У ворот обители встретила Лиза. Она выглядела спокойной, только бледна была очень… Иван подошел. Лиза провела кончиками пальцев по его раскрашенному заячьей кровью лицу. А потом прикусила нижнюю губу и беззвучно заплакала. А он гладил ее по голове и говорил:
– Ну что ты? Ну что?..
И сжимало от нежности сердце.
Потом Иван прошел к настоятелю. Поставил в угол арбалет, положил на стол «парабеллум» и паспорт англичанина. Объяснил, где лежит тело. Спросил:
– Вы будете сообщать в полицию, Михаил Андреевич?
– Зачем? – пожал плечами настоятель.
– Вот и я так же считаю – незачем… Есть, правда, один нюанс.
– Какой же?
– У него, по всей видимости, есть сообщник из местных. Ведь он иностранец, и кто-то должен помогать ему здесь. Встречать, провожать… Да хотя бы хранить вот это добро. – Иван кивнул на «парабеллум». – Не таскает же он его в самолете. Поэтому думаю, что у Охотника есть сообщник.
– Логично, – согласился настоятель. – Но кто он? Как его найти?
Иван вытащил из кармана телефон, положил на стол. Сказал:
– Это его телефон. Обратите внимание – дешевая «Нокия». У него все снаряжение – камуфляж, обувь, арбалет – фирменное, дорогое. А вот телефон – дешевый. В нем забит только один номер. Я полагаю, что это номер для связи с сообщником.

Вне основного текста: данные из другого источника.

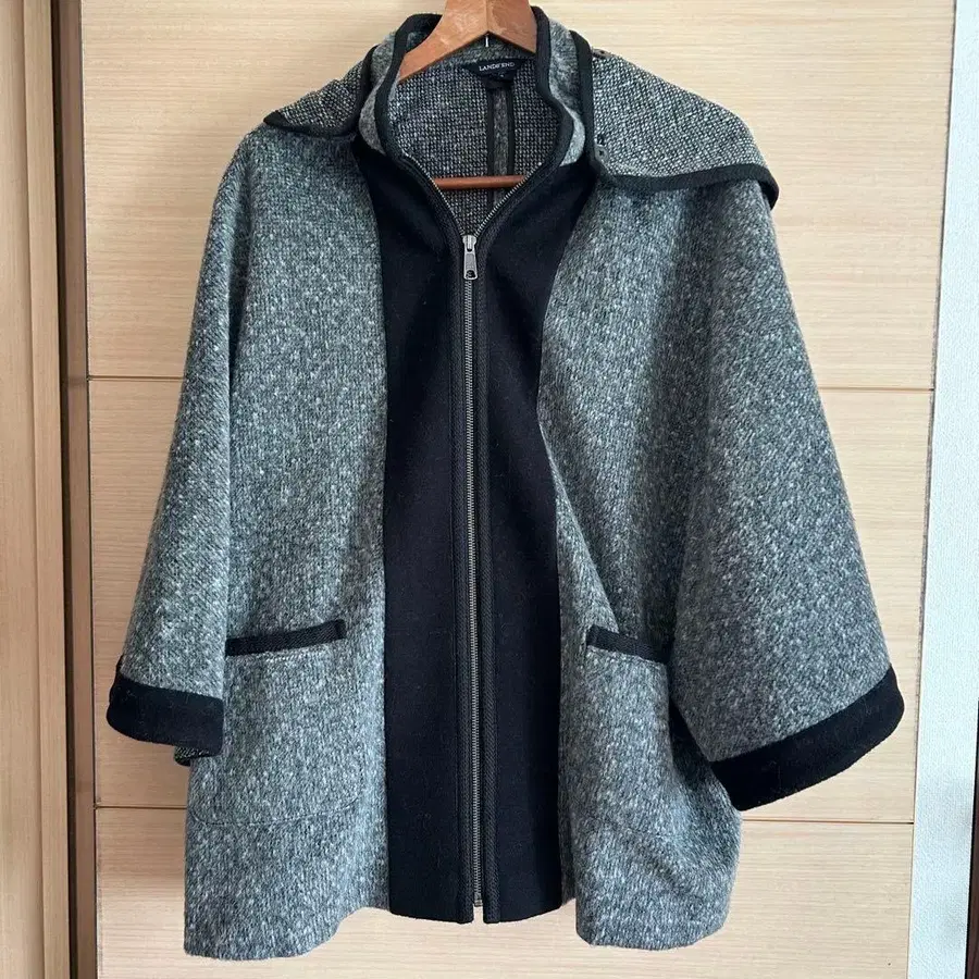 새상품급 랜드스엔드 그레이 울 판초형 코트

Настоятель сверкнул глазами из-под лохматых бровей. Иван сказал:
– Мы бы сделали сами, но сейчас невозможно – нет времени.
Настоятель убрал телефон в ящик стола, произнес:
– Не думайте об этом, Иван Сергеич… Его Бог покарает.

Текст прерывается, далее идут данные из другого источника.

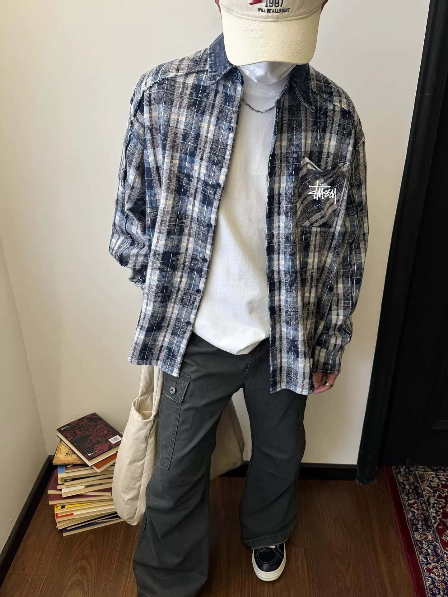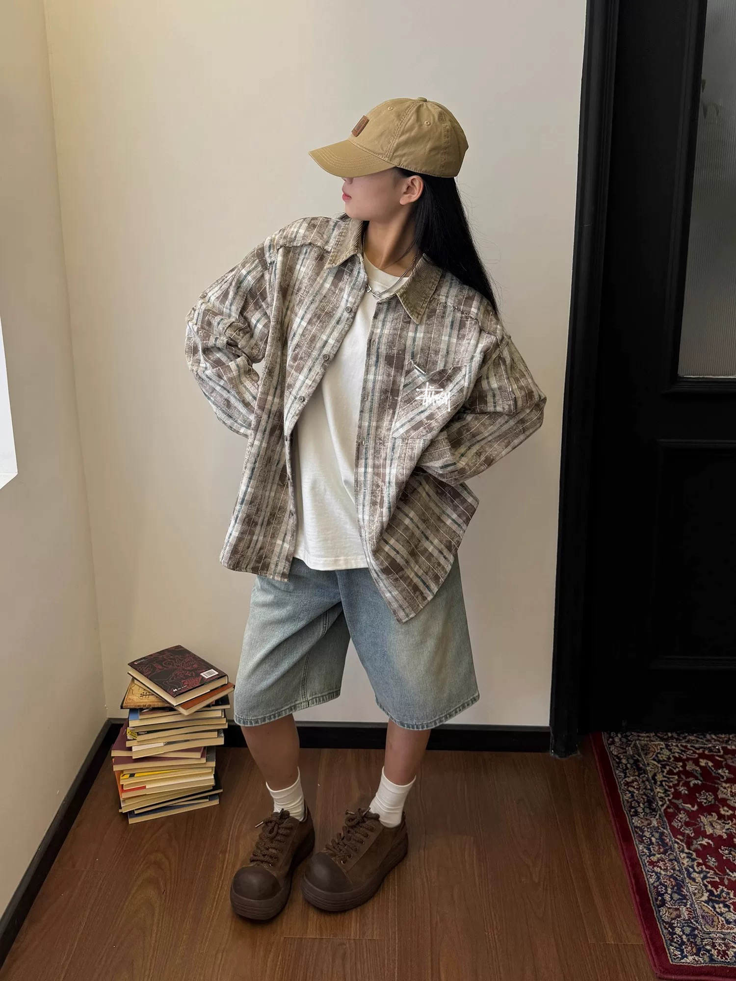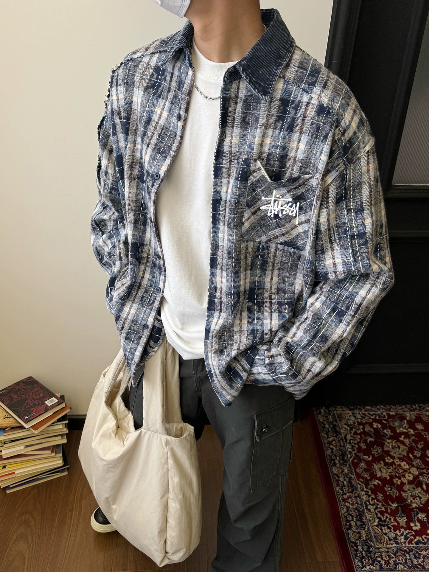100156386 - 斯图西Stussy美式复古翻领格子衬衫男女同款春秋拼接扎染设 332022

– Понятно… У меня еще одна просьба к вам.
– Слушаю вас внимательно.
– Нельзя ли Лизу… жену мою… приютить где-нибудь? Ненадолго… на неделю.
– Господь с вами! О чем вы говорите? Поселим Елизавету Владимировну в хорошей семье. Пусть живет столько, сколько надо.

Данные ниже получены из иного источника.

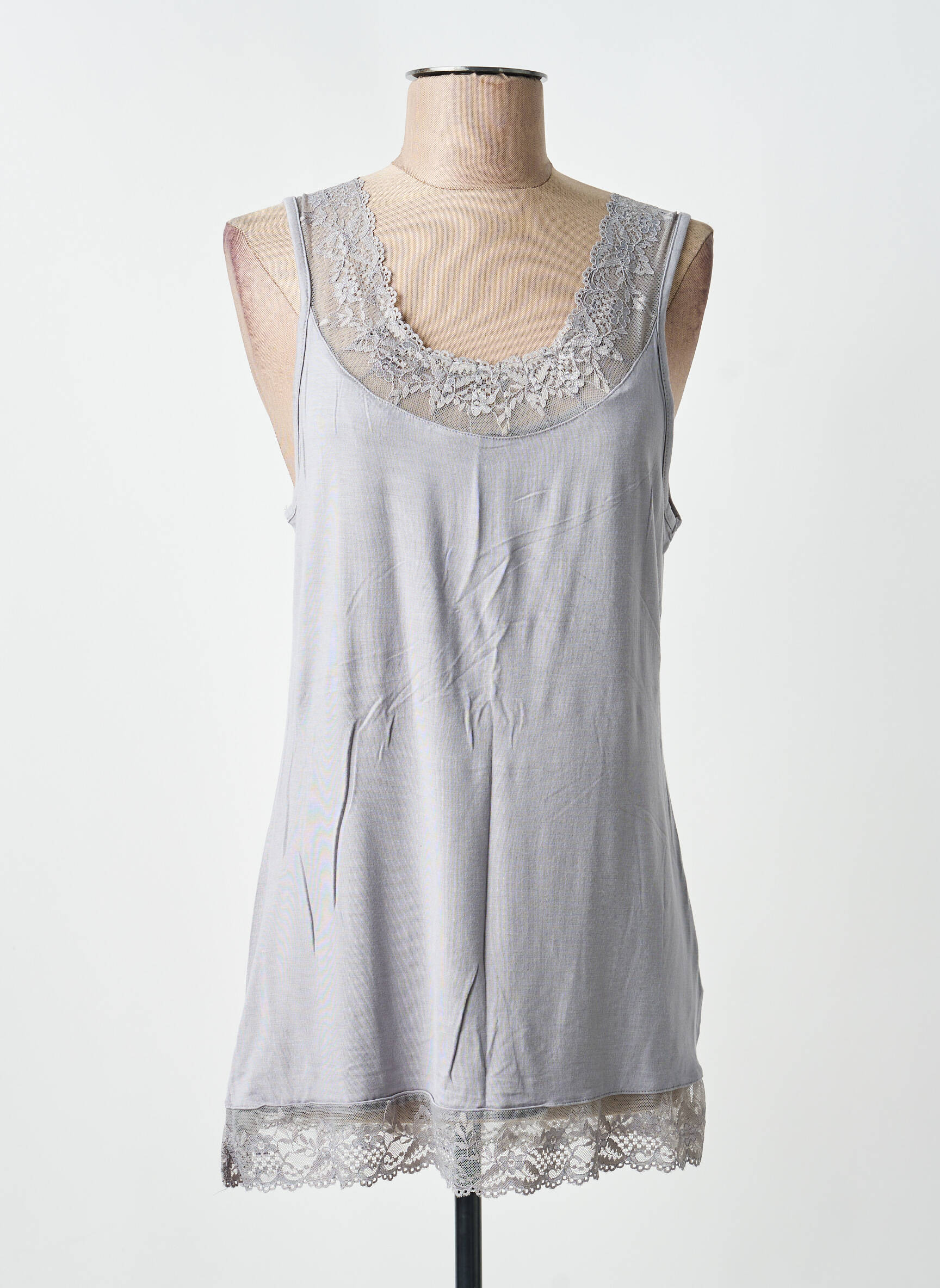 Top Cream Gris Sans Manche

Вечером Иван, Гринев и Зоран уехали. Настоятель лично отвез их к месту стоянки «Комсомольца», благословил. А Лиза тайком перекрестилась.
* * *
Андрея Сухарева в Сортавале многие звали Браконьером – он зарабатывал на охоте. Сам не охотился – устраивал охоту для богатых клиентов. Поздним вечером, практически ночью, у Андрея Сухарева запел телефон. Этот аппарат был прдназначен для связи с Флойдом. Андрей ждал звонка Флойда. Он нажал кнопочку и сказал:
– Хай.
Но вместо спокойного и уверенного голоса Уолтера услышал взволнованный, почти детский голос:
– Это кто?
– Вы куда звоните? – спросил Андрей. А сердце уже пробило тревогой: ведь знал, знал, что когда-нибудь влечу в неприятности с этим уродом.
– Я не знаю… Я, понимаете… Тут раненый мужчина. Он, кажется, иностранец… Он сказал: позвоните моему другу, он поможет.
Несколько секунд Андрей молчал. Он лихорадочно думал: что делать, как отвечать?
– А почему он сам не звонит? – спросил наконец Андрей.
– Он не может… он потерял сознание.
– А ты кто?
– Я? Я послушник монастырский… За сеном меня послали в лес.
– Понятно… А этот мужчина что – охотник?
– Я не знаю.
– А ружье или какое другое оружие есть у него?
– Нет, ружья у него нет… Но у него есть большая кобура.
Андрей облегченно вздохнул: значит, этот урод хотя бы от арбалета избавился.
– Понятно, – сказал Андрей. – Ты, друг мой, где находишься сейчас?
– Я в лесу… Возле Змеиного источника. Знаете, где это?
– Знаю… Сейчас приеду. Ты, друг послушник, не звони, пожалуйста, никому. Не надо. А то у этого человека могут быть неприятности. А я в фонд монастыря хороший взнос сделаю… договорились?
– Я не буду звонить никуда. Но вы приезжайте скорей… мне страшно.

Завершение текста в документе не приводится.